Saturday, January 29, 2011

Thermal Engineering Overview


Thermal Engineering Overview
Imagine you have just finished making the last few changes to a presentation for one of your biggest clients, the most critical presentation of the year. Then, your worst fear comes true - your system suddenly fails. Data stored on your hard drive is lost. You pull the cover off the machine and you see that the miniature fan on top of the CPU has stopped running. You quickly realize that your microprocessor failed due to inadequate cooling. Promptly, you purchase an upgrade microprocessor and behold - it has a heat sink with no fan!Confused? You're not alone. This is a puzzle encountered by people who want to ensure their computer investment is protected with the right products to keep it functioning for years to come. The present problem with cooling microprocessors is a relatively new issue -- about 4 years old. It stems from the collision of two conflicting trends -- end-user desire for more powerful microprocessors to run the next generation software, and the equally strong demand for smaller, more mobile computer form factors. With each, the introduction of faster next-generation semiconductors aimed at improving computing power, heat concentration problems increase.
Thermal energy generated within these devices can be compared to that of a stovetop burner. Today's generation of Pentium, Athlon, and Power PC chips can dissipate more than 100 watts of power. In straight forward terms, you could fry an egg on top of any of these chips.
Choosing the right cooling solution is a complex task requiring the coordination of several factors and requires good thermal engineering. So how is it that certain upgrade processors do not require a heat sink with a miniature fan solution?
To answer that question, we need to first understand the fundamental problem. Heat to be removed must travel from the microelectronic chip to the surrounding air stream. As heat flows, it encounters a series of thermal resistance that impedes overall heat removal. The laws of physics dictate that performance and reliability of semiconductor and integrated circuit devices are absolutely constrained by temperature. Mathematicians have worked out formulas that inform us for every 10°C rise of the junction temperature (this corresponds to any one of the 4 million transistors that may be on a microprocessor) the failure rate doubles. There are any number of ways device temperature related failures modes may be manifested on the electronic level that cannot be visually detected.
These failure modes include such items as gate dielectric strength, junction fatigue, electromigration diffusion, electrical parameter shifts, and thermal runaway any of which could ultimately result in a failed CPU. But what does all of this tech-jargon really mean to you and me? It means that computer manufacturers and suppliers of upgrade processors must work diligently to ensure that their products are engineered properly to provide sufficient cooling to the microprocessor for an extended length of time.
Thermal engineering is more than a way of controlling heat and temperature rise in a computer. By definition, thermal engineering requires designers to pay attention to every aspect of heat generation and removal in an electronics system.
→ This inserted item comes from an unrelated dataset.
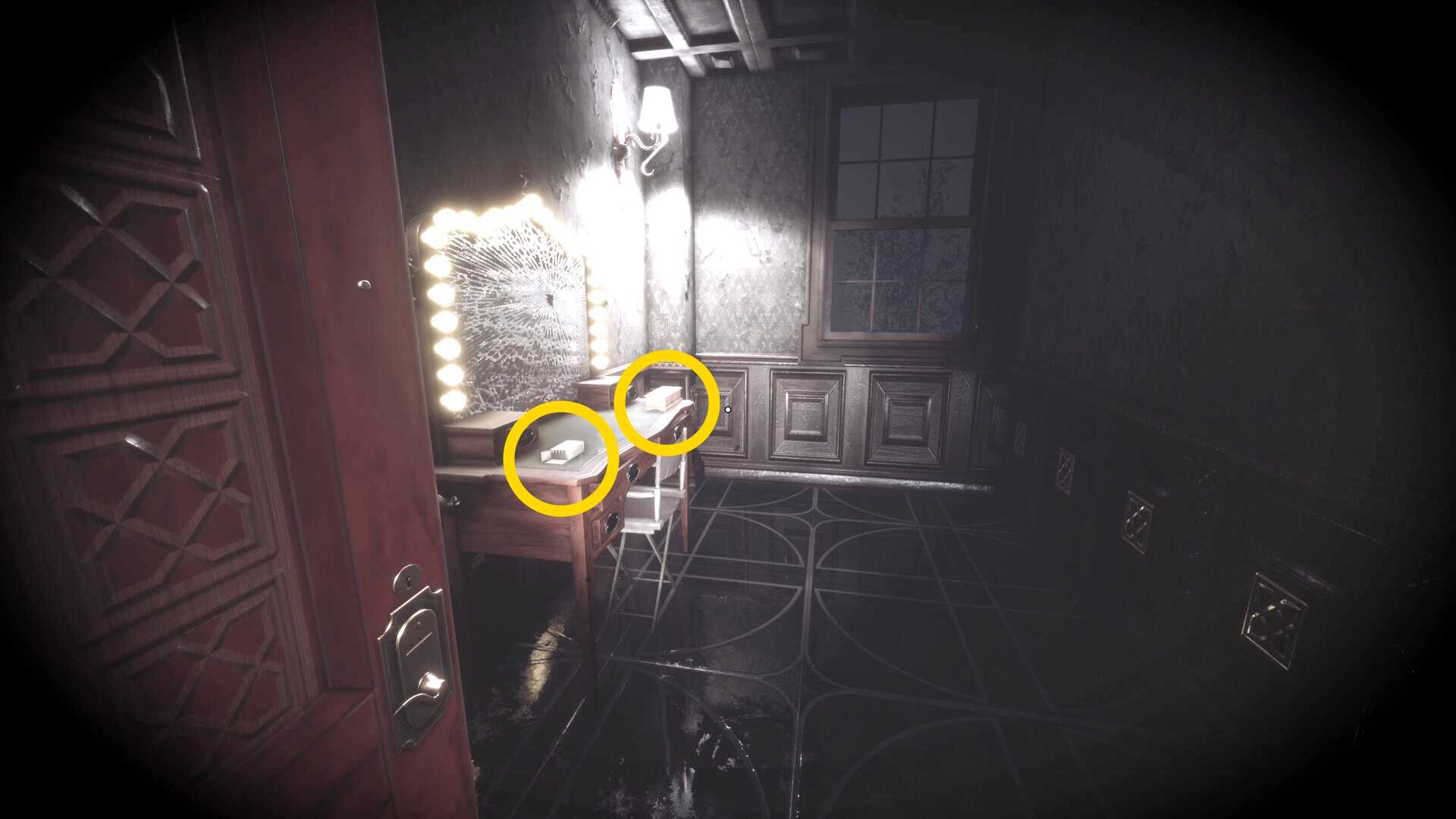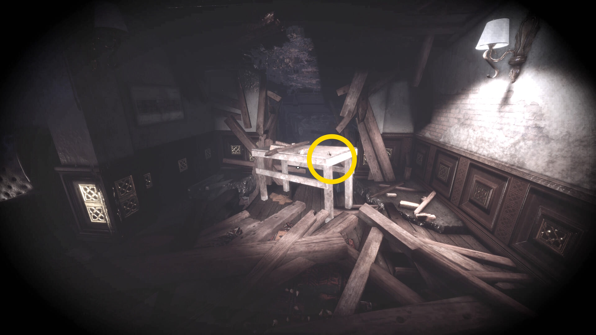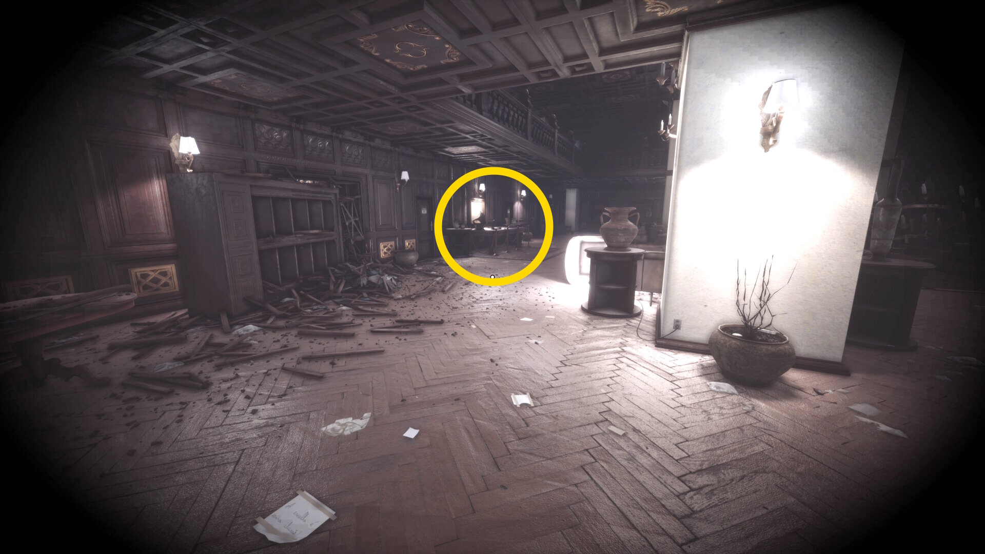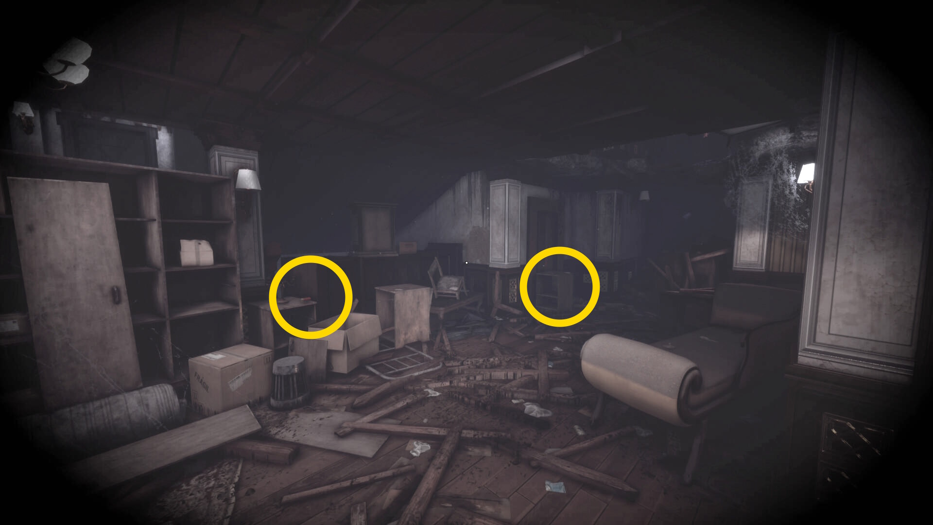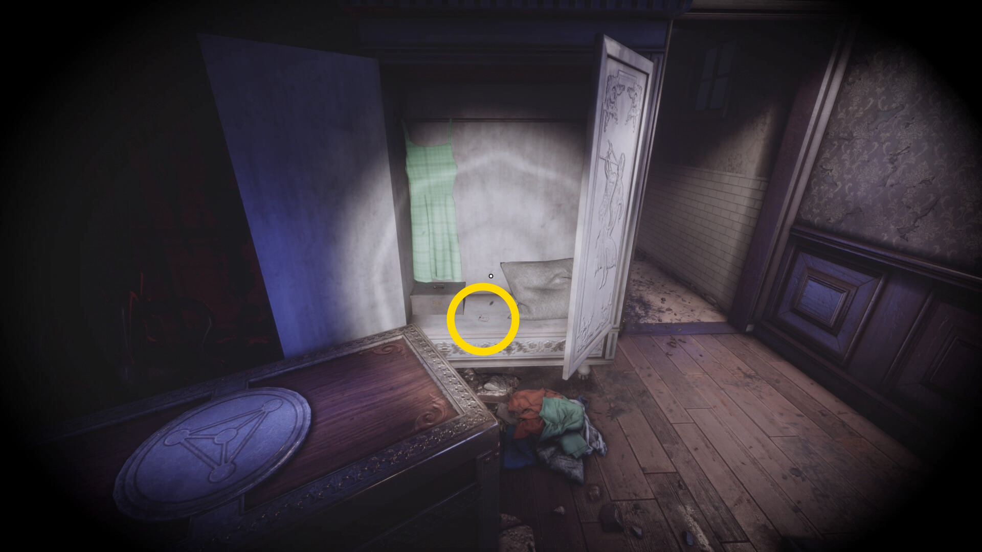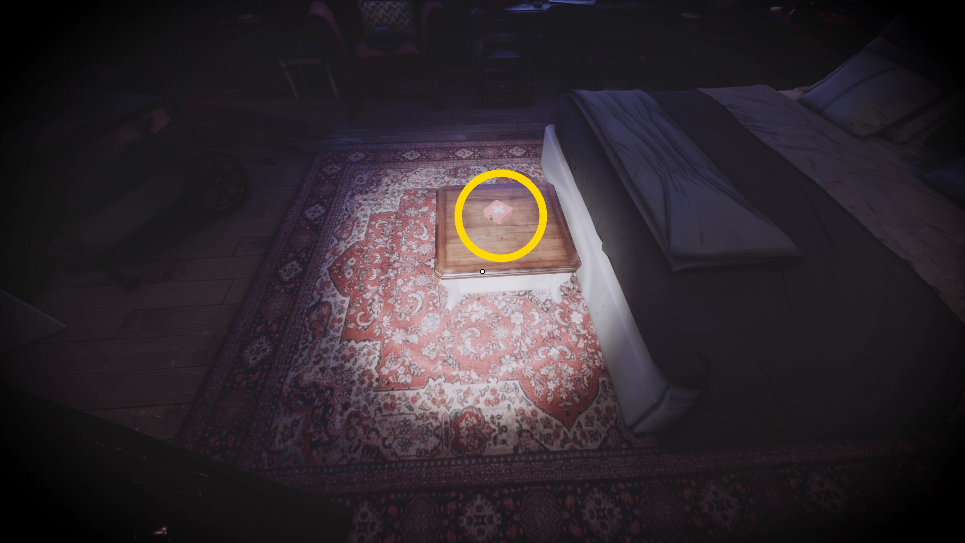 • なお、この机の奥の暗がりに敵が1体おり、かなり気づきにくいので注意(下画像:緑◯)(敵を倒す:9/10)

It is NOT putting the biggest heat sink or biggest fan on a semiconductor. Rather, it is the careful and purposeful selection of parts and components, with heat removal in mind. An ideal cooling design achieves the desired junction temperatures, is compact in size, low in cost, adaptable enough to fit into system designs.
Attempts to increase capacity by using larger heat sinks, higher air velocities and fan heat sink combinations will be wrought with diminishing returns. Contrary to market demands for smaller packaging and higher performance, these solutins add to the packaging volume with larger parts or decreasing the system reliability.
So how do we choose the best solutions? In early stages of system design as well as the package design for the processor, thermal issues need to be recognized and advanced engineering solutions brought to the design table. The design of upgrade processors allows thermally optimized packages to be utilized in non-optimized systems. This is due to upfront thermal engineering efforts where materials, manufacturing techniques, and thermal barriers all maximize a processor's performance and reliability at the lowest cost and smallest sizes. While these upgrade processors then offer advanced thermal solutions where they can replace less reliable fan/sink combinations, they represent a change to thermal engineering in the earliest stages of product design.
Why don't the system manufacturers implement these advanced solutions in the original product design cycle? Often this is due to the fast pace product development cycles, and often it is just because the solutions were not available at the time the system was ready for market. Will you likely see lower reliability solutions in future system designs? Not if thermal engineering takes place!